Wojciech Dziembowski chciał na studia pojechać do Warszawy, ale matka wolała Kraków, gdzie mieszkała babcia przyszłego studenta, po której spodziewała się opieki nad nim i… kontroli. Mój rozmówca pokochał podwawelski gród trwale, ale studiowanie tam astronomii uważa za wybór nietrafny, gdyż w latach sześćdziesiątych poziom nie był najwyższy. Próba przeniesienia się do Warszawy na czwartym roku nie udała się, mgr Dziembowski został w UJ asystentem-stażystą i zajął się przygotowywaniem do druku swojej pracy magisterskiej. Szczęśliwy przypadek sprawił, że przyszły uczony opowiedział o tej pracy znanemu belgijskiemu astronomowi Paulowi Ledoux, gdy ten odwiedził krakowskie obserwatorium. Gość z kolei napisał o niej prof. Stefanowi Piotrowskiemu z Warszawy, ten zaś zaprosił początkującego badacza z referatem, a zaraz potem zaproponował robienie doktoratu u siebie, z obietnicą wszakże, że dr Dziembowski wróci do Krakowa i będzie tam rozwijał nową wówczas w Polsce gałąź astrofizyki.

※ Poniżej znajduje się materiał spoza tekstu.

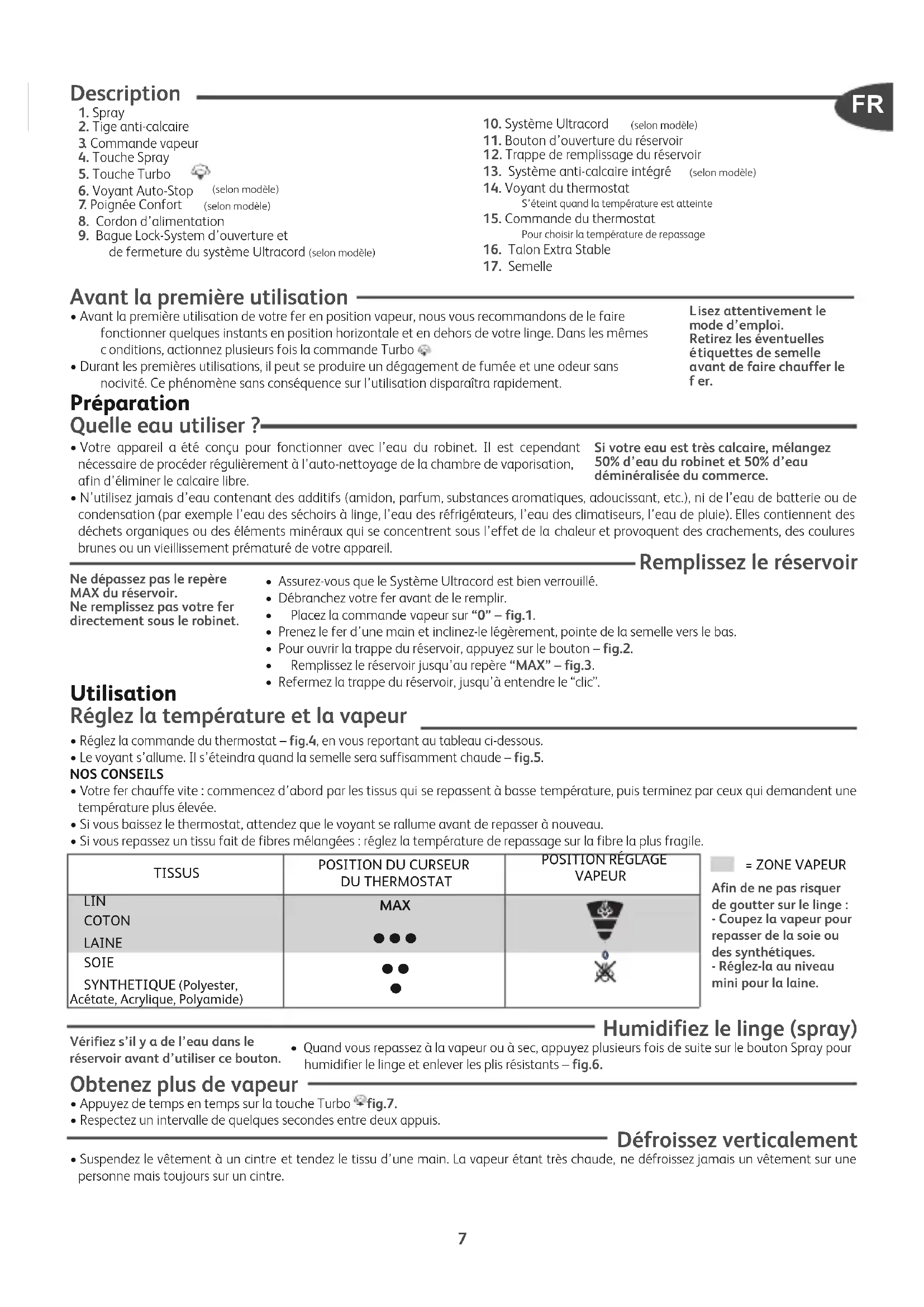 . Commande vapeur4. Touche Spray5. Touche Turbo 6. Voyant Auto-Stop (selon modèle) . Poignée Confort (selon modèle)8. Cordon d’alimentation9. Bague Lock-System d’ouverture etde fermeture du système Ultracord (selon modèle)10. Système Ultracord (selon modèle)11. Bouton d’ouverture du réservoir 2. Trappe de remplissage du réservoir13. Système anti-calcaire intégré (selon modèle)14. Voyant du thermostatS’éteint quand la température est atteinte15. Commande du thermostatPour choisir la température de repassage16. Talon Extra Stable17. Semelle Avant la première utilisation

Doktorat obronił w 1967 roku, po czym, niewiele starszy od niego, a już znany w świecie astronom Józef Smak pomógł mu uzyskać staż podoktorski w Columbia University.

Moi rozmówcy wzięli ślub w lipcu 1967 roku, pani Anna dostała paszport na parę dni przed wydarzeniami Marca ‘68, co graniczyło z cudem; mąż był w Nowym Jorku nieco wcześniej. Oboje wspominają ten czas jako ważny, owocny intelektualnie, ciekawy i radosny. Poznali wielu ludzi ze środowiska akademickiego, nawiązali przyjaźnie. Mąż pracował naukowo, żona pilnie uczyła się języka, co po powrocie w roku 1969 stanowiło handicap, jako że biegła znajomość angielskiego nie była wtedy zbyt częsta.

Do Krakowa dr Dziembowski nie wrócił. Został adiunktem w Zakładzie Astronomii PAN u swego warszawskiego mistrza, prof. Piotrowskiego. Zajmował się i zajmuje zagadnieniami z pierwszej linii pytań o niepoznane dotąd obiekty i zjawiska kosmiczne, które to kwestie trudno przybliżyć laikom. Wszystkie (128) prace naukowe opublikowane w czołowych czasopismach astronomicznych mają wysoki indeks cytowań. W roku 1983 mój rozmówca otrzymał tytuł profesora. Jest członkiem rzeczywistym PAN i czynnym członkiem PAU, laureatem międzynarodowych nagród i wyróżnień.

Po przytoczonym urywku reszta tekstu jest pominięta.